I am trying to fit a keras model in which my output variable is always positive. I want to use a gamma distribution to model this problem. The problem is that the loss always ouptputs NAN.
I built the following keras model:
model_max = tf.keras.Sequential([
tf.keras.layers.Dense(20,input_dim=10, activation="relu"),
tf.keras.layers.Dense(15,activation="relu"),
tf.keras.layers.Dense(10,activation="relu"),
tf.keras.layers.Dense(5,activation="relu"),
tf.keras.layers.Dense(2),
tfp.layers.DistributionLambda(lambda t:
tfd.Gamma(concentration = tf.math.softplus(0.005*t[...,:1])+0.001,
rate = tf.math.softplus(0.005*t[...,1:])+0.001)
),
])
Notice that I used softplus because both arguments of the distribution must be positive. Also I added 0.001 to make sure the arguments are always greater than zero.
My loss function is as follows:
def gamma_loss(y_true, my_dist):
dist_mean = my_dist.mean()
dist_stddev = my_dist.stddev()
alpha = (dist_mean / dist_stddev)**2
beta = dist_mean / dist_stddev**2
gamma_distr = tfd.Gamma(concentration=alpha, rate=beta)
return -tf.reduce_mean(gamma_distr.log_prob(y_true))
This function seems to work fine. For example, if I run the following code it runs fine:
import tensorflow as tf
import tensorflow_probability as tfp
tfd = tfp.distributions
def gamma_loss(y_true, my_dist):
dist_mean = my_dist.mean()
dist_stddev = my_dist.stddev()
alpha = (dist_mean / dist_stddev)**2
beta = dist_mean / dist_stddev**2
#print(alpha)
gamma_distr = tfd.Gamma(concentration=alpha, rate=beta)
return -tf.reduce_mean(gamma_distr.log_prob(y_true)).numpy()
dist = tfd.Gamma(1,1)
gamma_loss(100, dist)
However, if I compile it with the following line:
model_max.compile(optimizer=tf.optimizers.Adam(learning_rate = 0.001),loss=gamma_loss)

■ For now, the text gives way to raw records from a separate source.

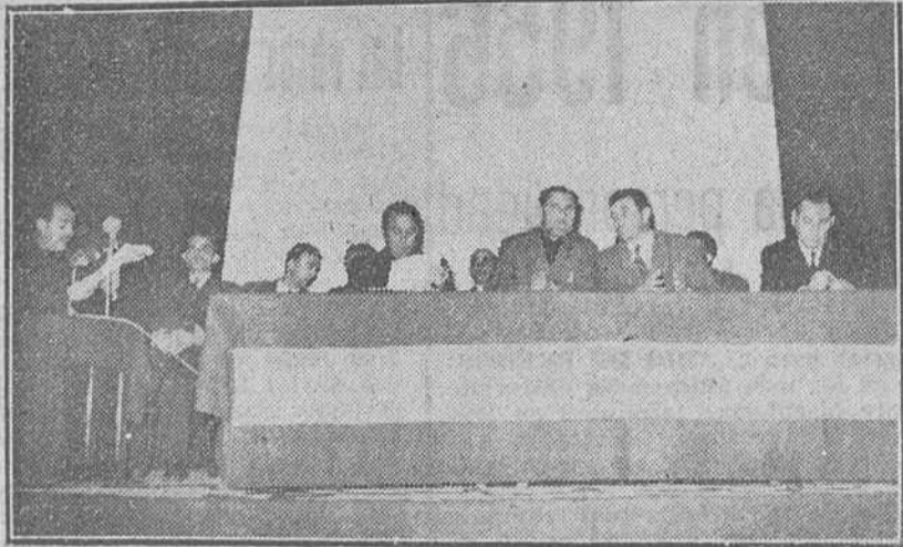
Presidencia de la asamblea plenaria de Hermandades de Labradores y Ganaderos de nuestra provincia, celebrada ayer, con asistencia del gobernador civil y jefe provincial del Movimiento y jerarquías sindicales.

Quedó aprobado un amplio plan de acción para el año próximo y el concierto de la Cámara con la Diputación para la exacción del arbitrio sobre la riqueza agrícola
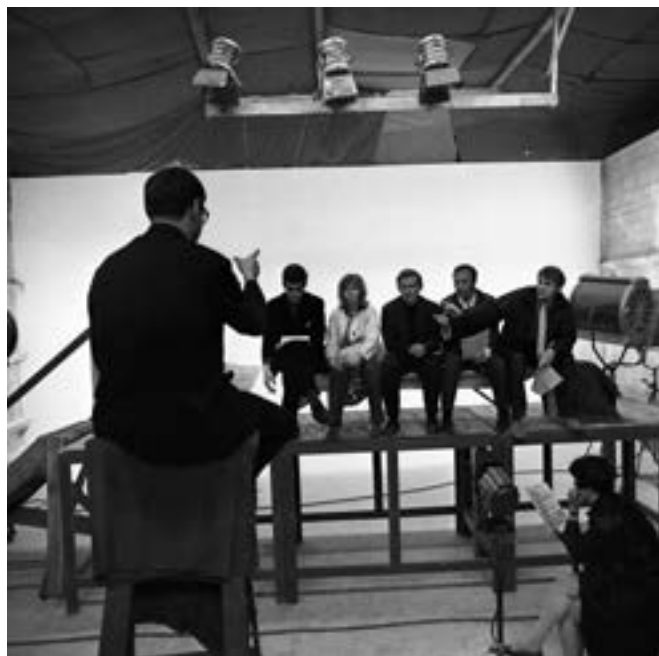
Il. 7 Aktorzy podczas realizacji sceny przesłuchania – werk z filmu Ręce do góry
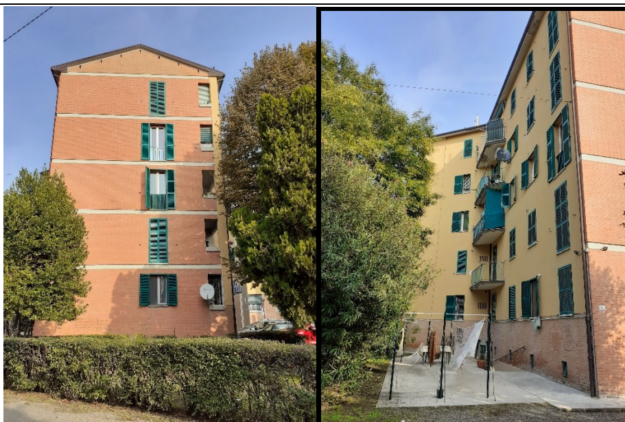
Prospetto fronte secondario
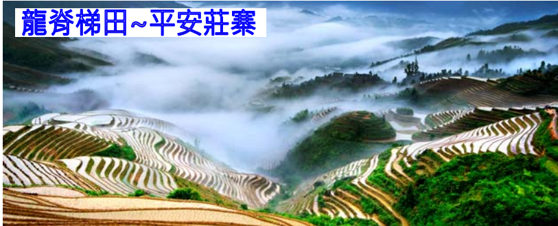
龍脊梯田~平安莊寨
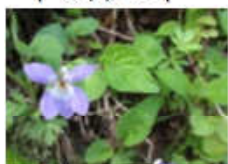
オオタチツボスミレ

The loss always outputs nan
What am I doing wrong? I have tried different froms of the loss funcion but nothing seems to work. I think it is realted to the concentration argument since I already have a similar model to this working with a normal distribution. In that model, I did not use softplus for the mean (loc) because that distribution accepts any positive or negative value. I used the exact structure for the standard deviation as it must also be possitive in the Normal distribution. It works just fine. Why it doesn't work for the Gamma Distribution?
Thank you in advice to anyone who can help me understand what I'm doing wrong.